Integrate these simple tweaks to avoid calories and lose belly fat—without ever feeling hungry. When you decide it’s time to really get down to business and seriously take on your health goals, you might be hit with a feeling of “so what do I do now?” If you’re looking to slim down, the “low and slow” method is the best way to banish those unwanted pounds. And that all comes down to making (super easy) changes in your everyday habits and meals.
1. Buy Plain Yogurt
The benefits of yogurt are immense, but many of these bonuses are undone by cartons full of fruit-flavored, gummy messes. Grab a carton of Chobani’s non-fat plain yogurt, which rings in at 80 calories, over their fruit-on-the-bottom mango, a mix that serves up 140 calories and 12 extra grams of added sugar.
2. Switch Your Cut Of Meat
Next time you find yourself craving a cut of beef, ask your butcher for a sirloin tip side steak instead of the filet mignon. Although the former isn’t naturally as tender as the latter, it’s a very flavorful cut of protein that your taste buds will love. Plus, the swap saves you 132 calories every 3.5-ounce serving! Use a chef’s secret and salt your meat for an hour at room temperature before cooking it.
3. Eat Only Fresh Fruit
Not only are fruit juices lacking in belly-filling fiber, they also are high in hunger-inducing simple sugars—which means you’re twice as likely to be left with a rumbling stomach after sipping a glass. Harvard researchers found that swapping out three glasses of fruit juice with three servings of whole fruit a week was associated with a 7 percent reduction in risk of type 2 diabetes.
4. Sub A Side Salad
The small order of spuds that you grab with your burger at McDonald’s tacks on an extra 220 calories to your meal. Swap out a side salad to save you the calories. And if you really need those fries, you could even eat your salad and switch to the kid-sized version.
5. Go Meatless At Lunch
Not only will swapping out a 288-calorie, 80/20 beef burger for a 24-calorie portabella mushroom save you 264 calories on the spot, a study conducted by Penn State researchers suggests that you may save 350 calories more throughout the course of the day! That’s because their study found that those who consume main dishes with veggies consume that many fewer calories daily than those who eat their produce as a side dish, likely because vegan foods boost the amount of satiating fiber on your plate while also adding bulk.

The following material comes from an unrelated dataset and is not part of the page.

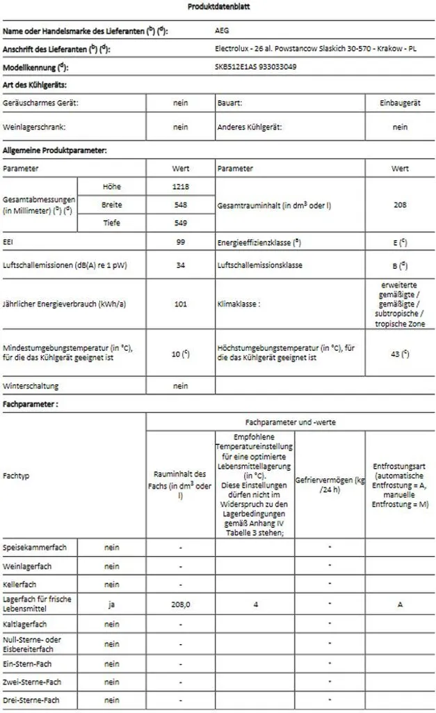 AEG SKB512E1AS. Nutzinhalt Kühlschrank: 208 l, Klimakategorie: SN-T, Geräuschpegel: 34 dB. Kühlschrank – Anzahl der Regale: 4, Anzahl der Gemüsefächer: 1. Lampentyp: LED. Türanschlag: Rechts. Jährlicher Energieverbrauch: 101 kWh, . Gewicht: 35 kg. Produktfarbe: Weiß
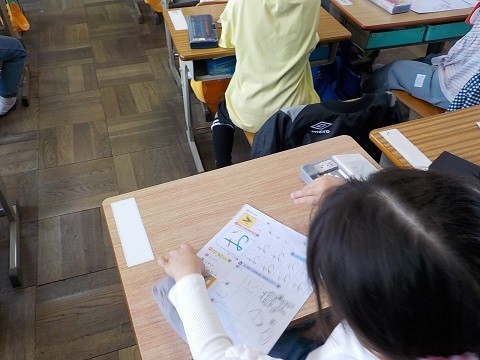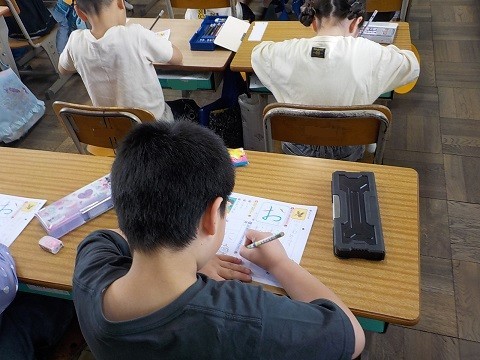 ひらがなの学習です。ていねいに書いています。

6. Break A Sweat Before Breakfast
Everyone knows switching to a healthy diet is one of the most effective ways to lose weight, but so is exercise! And it doesn’t only matter that you exercise, it also matters when: According to a recent Japanese study, when you exercise before your morning meal, you’ll metabolize about 280 more calories throughout the day compared to doing the same workout in the evening.